• **PROBLEM TO SOLVE**
Your task is to repeat the lines below exactly, excluding any pictures they contain.

• **DATASET CONTENT**
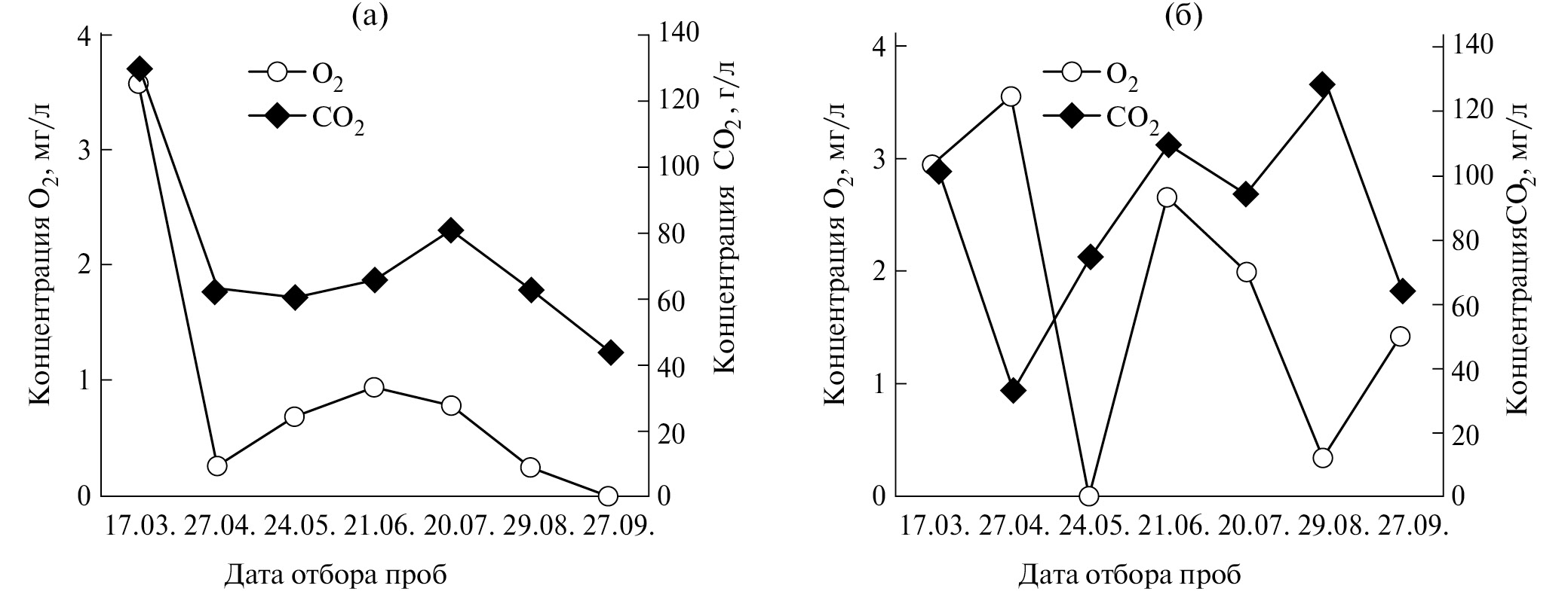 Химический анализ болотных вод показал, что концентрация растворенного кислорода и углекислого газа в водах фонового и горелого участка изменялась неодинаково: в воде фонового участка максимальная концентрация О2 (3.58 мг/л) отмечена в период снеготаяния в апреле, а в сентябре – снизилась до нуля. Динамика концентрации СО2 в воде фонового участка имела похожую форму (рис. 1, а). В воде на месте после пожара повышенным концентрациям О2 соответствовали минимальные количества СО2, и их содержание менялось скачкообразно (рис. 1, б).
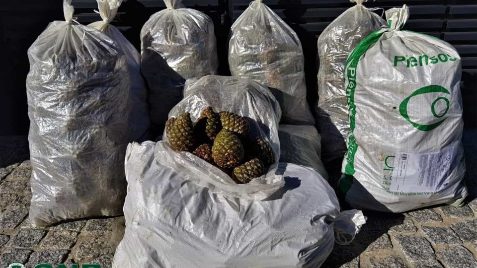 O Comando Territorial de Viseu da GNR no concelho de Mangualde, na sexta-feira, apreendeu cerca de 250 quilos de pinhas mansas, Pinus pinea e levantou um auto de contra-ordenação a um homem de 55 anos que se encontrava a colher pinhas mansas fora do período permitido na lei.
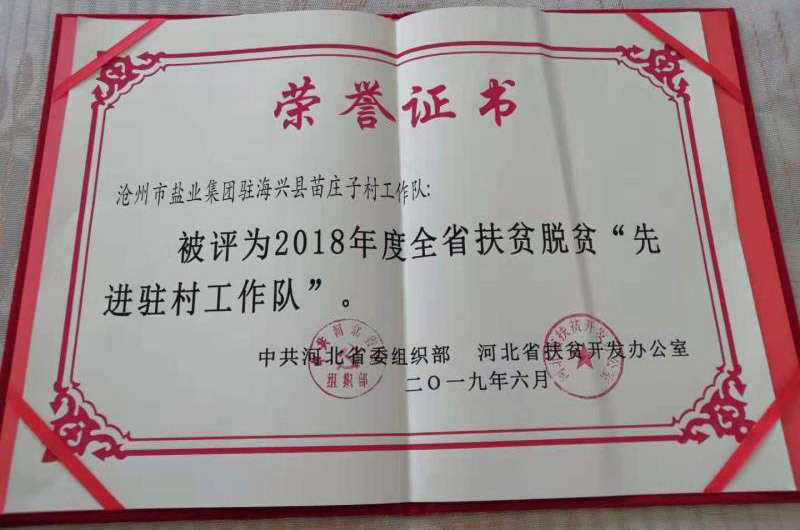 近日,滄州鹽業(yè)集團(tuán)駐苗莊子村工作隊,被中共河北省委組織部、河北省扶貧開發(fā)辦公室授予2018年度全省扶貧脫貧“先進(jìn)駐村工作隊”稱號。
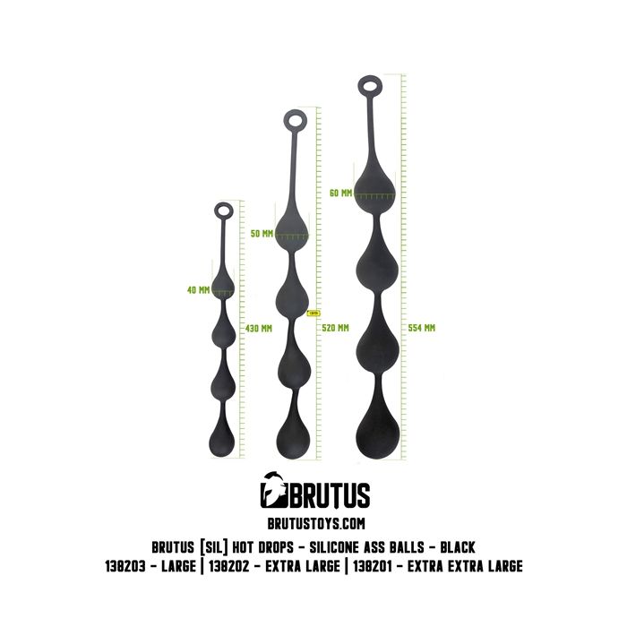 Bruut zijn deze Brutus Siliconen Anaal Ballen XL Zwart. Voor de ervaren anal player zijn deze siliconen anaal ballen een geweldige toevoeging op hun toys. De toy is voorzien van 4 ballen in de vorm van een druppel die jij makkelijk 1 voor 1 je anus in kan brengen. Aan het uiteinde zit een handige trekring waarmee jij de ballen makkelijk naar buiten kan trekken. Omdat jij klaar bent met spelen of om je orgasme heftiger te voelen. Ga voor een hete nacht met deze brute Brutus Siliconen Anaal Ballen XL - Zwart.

• **FINISHED EXERCISE**
 Химический анализ болотных вод показал, что концентрация растворенного кислорода и углекислого газа в водах фонового и горелого участка изменялась неодинаково: в воде фонового участка максимальная концентрация О2 (3.58 мг/л) отмечена в период снеготаяния в апреле, а в сентябре – снизилась до нуля. Динамика концентрации СО2 в воде фонового участка имела похожую форму (рис. 1, а). В воде на месте после пожара повышенным концентрациям О2 соответствовали минимальные количества СО2, и их содержание менялось скачкообразно (рис. 1, б).
 O Comando Territorial de Viseu da GNR no concelho de Mangualde, na sexta-feira, apreendeu cerca de 250 quilos de pinhas mansas, Pinus pinea e levantou um auto de contra-ordenação a um homem de 55 anos que se encontrava a colher pinhas mansas fora do período permitido na lei.
 近日,滄州鹽業(yè)集團(tuán)駐苗莊子村工作隊,被中共河北省委組織部、河北省扶貧開發(fā)辦公室授予2018年度全省扶貧脫貧“先進(jìn)駐村工作隊”稱號。
 Bruut zijn deze Brutus Siliconen Anaal Ballen XL Zwart. Voor de ervaren anal player zijn deze siliconen anaal ballen een geweldige toevoeging op hun toys. De toy is voorzien van 4 ballen in de vorm van een druppel die jij makkelijk 1 voor 1 je anus in kan brengen. Aan het uiteinde zit een handige trekring waarmee jij de ballen makkelijk naar buiten kan trekken. Omdat jij klaar bent met spelen of om je orgasme heftiger te voelen. Ga voor een hete nacht met deze brute Brutus Siliconen Anaal Ballen XL - Zwart.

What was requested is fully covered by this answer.